This section is from the book "The Gardener V2", by William Thomson. Also available from Amazon: The New Organic Grower: A Master's Manual of Tools and Techniques for the Home and Market Gardener.
I have now under my care, growing in a cool conservatory, and gradually covering a good portion of the roof, a plant of this fine greenhouse twiner. It came into my hands in 1865, and was then a plant about 18 inches in height, growing in a 48-pot. I planted it at the south-west corner of the conservatory, in a spot which gets some shade at the latter part of the day; and to receive the roots, I made a small pit or tank, about 3 feet in length by 1 foot in width, and edged it with stone. The pit was made about 18 inches in depth, and one-third of it filled with brick-rubble for drainage. The Lapageria was then planted in some bog-peat, as 6pongy as I could get it, with which was mingled some rough sand. It soon began to grow, and flowered for the first time in 1868; since then it has bloomed yearly; and as the plant increases in size and strength, the flowers not only become more numerous, but larger and of finer quality.

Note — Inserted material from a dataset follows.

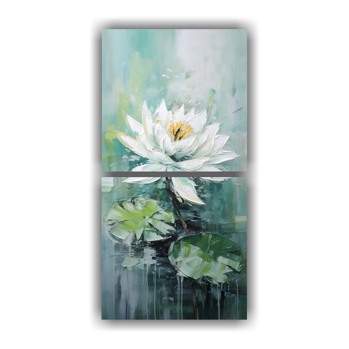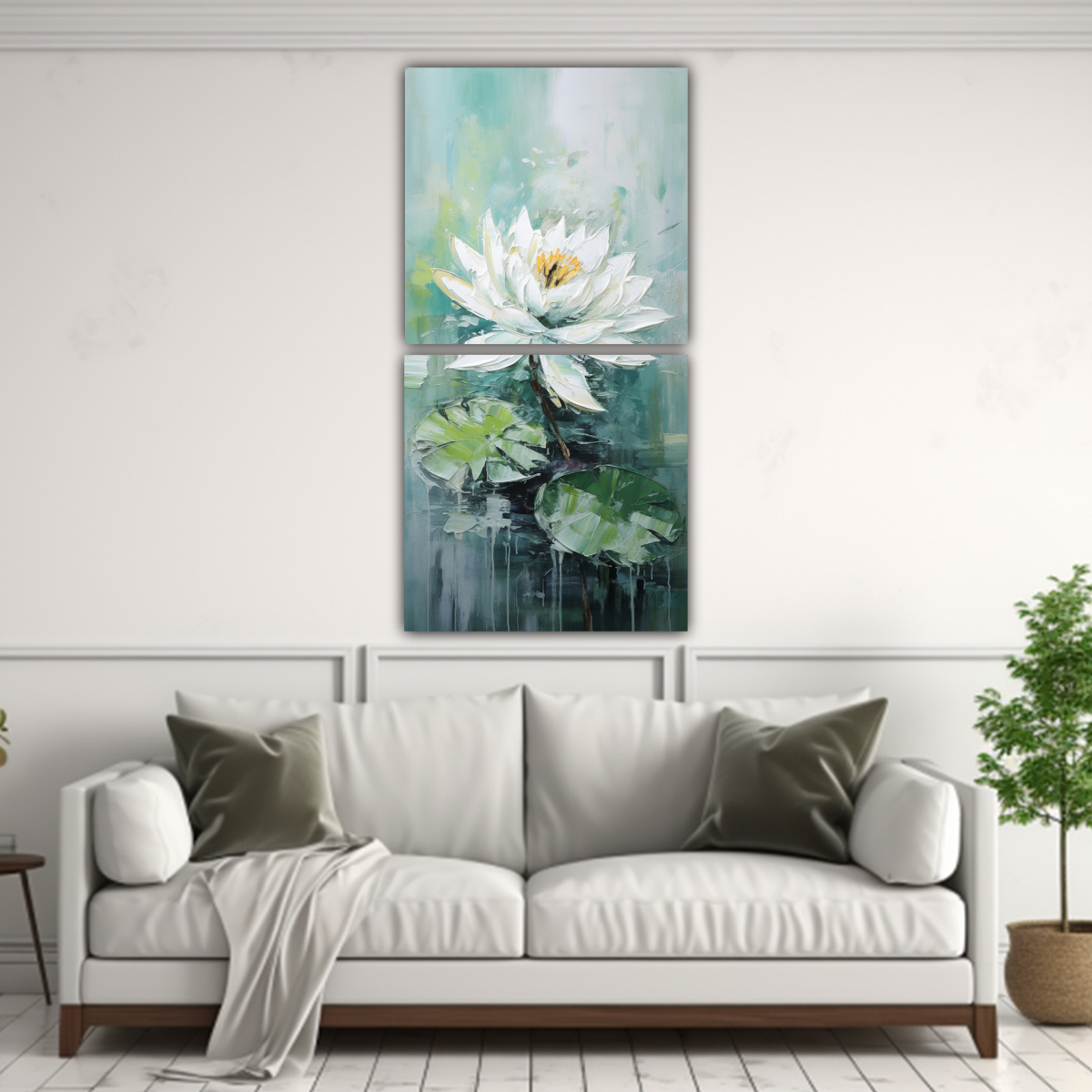 Cuadro De Loto Verde Estilo Composición En Lienzo

My mode of treatment is as simple as it appears to be effectual. During the summer, at the growing season, I water plentifully; during the winter, when at rest, it is watered only occasionally - just enough to keep the soil moist. Occasionally I top-dress the plant with peat and sand as required; the constant watering during summer tends to wash away the soil from the roots. It is well to thoroughly top-dress at the beginning of winter, just as the summer supply of water is withheld; then the newly-added soil gets pretty well settled about the roots by the time growth commences in the spring.
I get a supply of flowers about nine months in the year; and it seeds freely, some of the pods hanging on the plant for a considerable time. The plant makes vigorous growth, and during the past summer has made shoots 16 feet in length. It has been in robust health, and made wood freely.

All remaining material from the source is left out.